Dataset items
◇ ◇ ◇ ◇
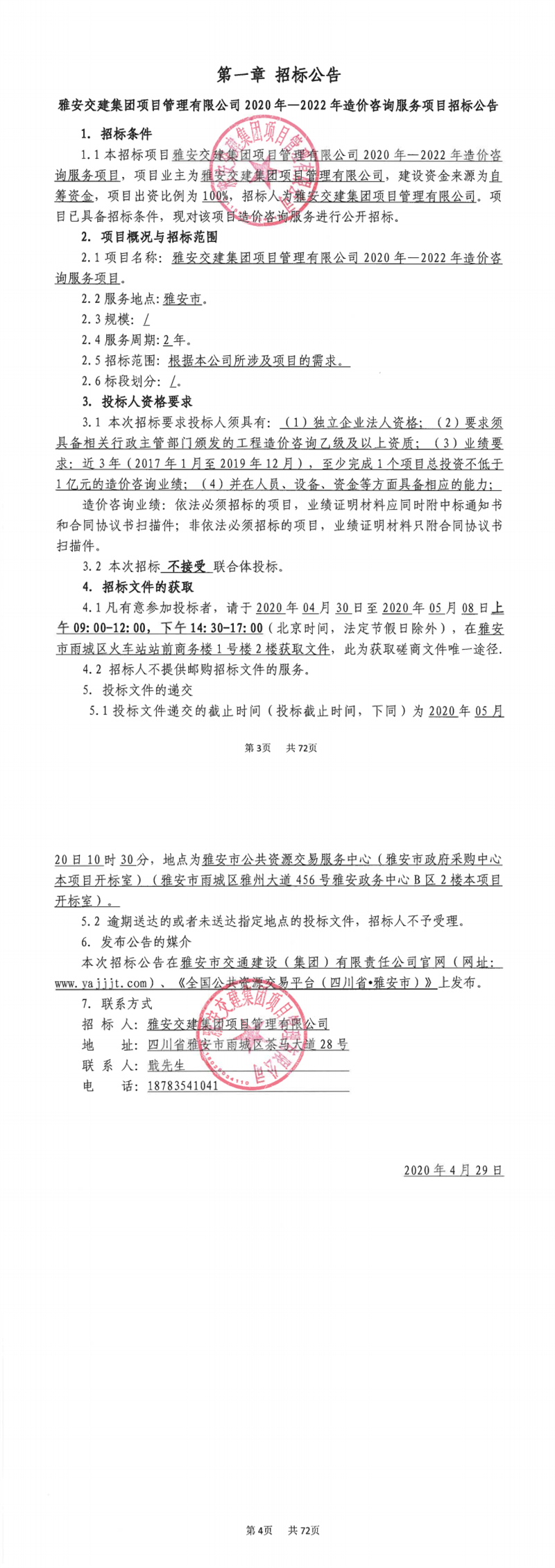 雅安交建集團項目管理有限公司2020年-2022年造價咨詢服務(wù)項目招標公告
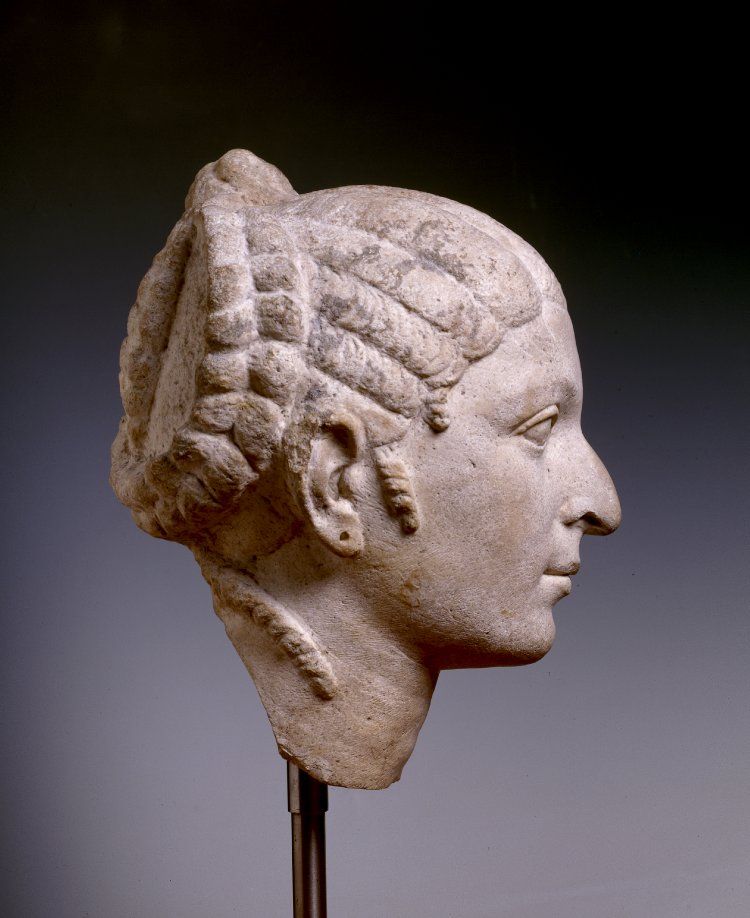 61. Cleopatra’s bravery at sea was acknowledged with a marble head found in Rome resembling her famous melon hairdo with a triangular crown.
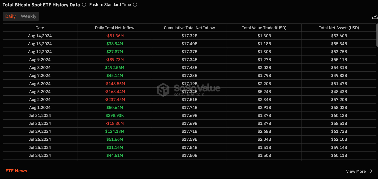 Grayscale’s GBTC led the outflows, with around US$56.8 million (AU$85.7 million) in net losses, followed by Fidelity’s FBTC, Ark and 21Shares’ ARKB, and Bitwise’s BITB. Not all funds experienced outflows; BlackRock’s IBIT and Franklin Templeton’s EZBC recorded small net inflows of US$2.6 million (AU$3.9 million) and US$3.42 million (AU$5.2 million), respectively, according to data from SosoValue.
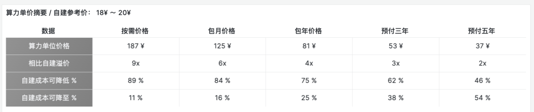 我們可以使用 DDH 2023 年下云自建的案例,以及我自己在探探親身經(jīng)歷的云下 IDC 自建案例作為對比。刨除 NVMe 存儲部分后,DHH 自建的純算力單價為 22 ¥,探探自建的單價為 18 ¥。請注意,此成本數(shù)字中已經(jīng)包含了服務(wù)器費(fèi)用,交換機(jī)/機(jī)柜/網(wǎng)/電/代維/運(yùn)維人員均攤后的費(fèi)用。
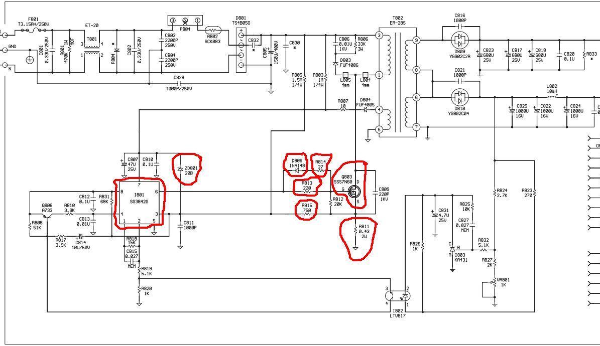 Здравствуйте! В мониторе NEC LCD1701 сгорел блок питание. Сгорел транзистор sss7n60b, четыре резисторов и один стабилитрон и диод, все это я заменил но в итоге на вторичной обмотке трансформатора нет напряжения. Потом перепроверил все резисторы, диоды, транзисторы, заменил задающий генератор, но все так же ничего не изменилось. На схеме я выделил что заменил В чем может быть дело ?
◇ ◇ ◇ ◇
- WHAT YOU HAVE TO DO -
Leave the pictures out, then print every entry exactly as it reads.

- ANSWER FOR THE TASK -
 雅安交建集團項目管理有限公司2020年-2022年造價咨詢服務(wù)項目招標公告
 61. Cleopatra’s bravery at sea was acknowledged with a marble head found in Rome resembling her famous melon hairdo with a triangular crown.
 Grayscale’s GBTC led the outflows, with around US$56.8 million (AU$85.7 million) in net losses, followed by Fidelity’s FBTC, Ark and 21Shares’ ARKB, and Bitwise’s BITB. Not all funds experienced outflows; BlackRock’s IBIT and Franklin Templeton’s EZBC recorded small net inflows of US$2.6 million (AU$3.9 million) and US$3.42 million (AU$5.2 million), respectively, according to data from SosoValue.
 我們可以使用 DDH 2023 年下云自建的案例,以及我自己在探探親身經(jīng)歷的云下 IDC 自建案例作為對比。刨除 NVMe 存儲部分后,DHH 自建的純算力單價為 22 ¥,探探自建的單價為 18 ¥。請注意,此成本數(shù)字中已經(jīng)包含了服務(wù)器費(fèi)用,交換機(jī)/機(jī)柜/網(wǎng)/電/代維/運(yùn)維人員均攤后的費(fèi)用。
 Здравствуйте! В мониторе NEC LCD1701 сгорел блок питание. Сгорел транзистор sss7n60b, четыре резисторов и один стабилитрон и диод, все это я заменил но в итоге на вторичной обмотке трансформатора нет напряжения. Потом перепроверил все резисторы, диоды, транзисторы, заменил задающий генератор, но все так же ничего не изменилось. На схеме я выделил что заменил В чем может быть дело ?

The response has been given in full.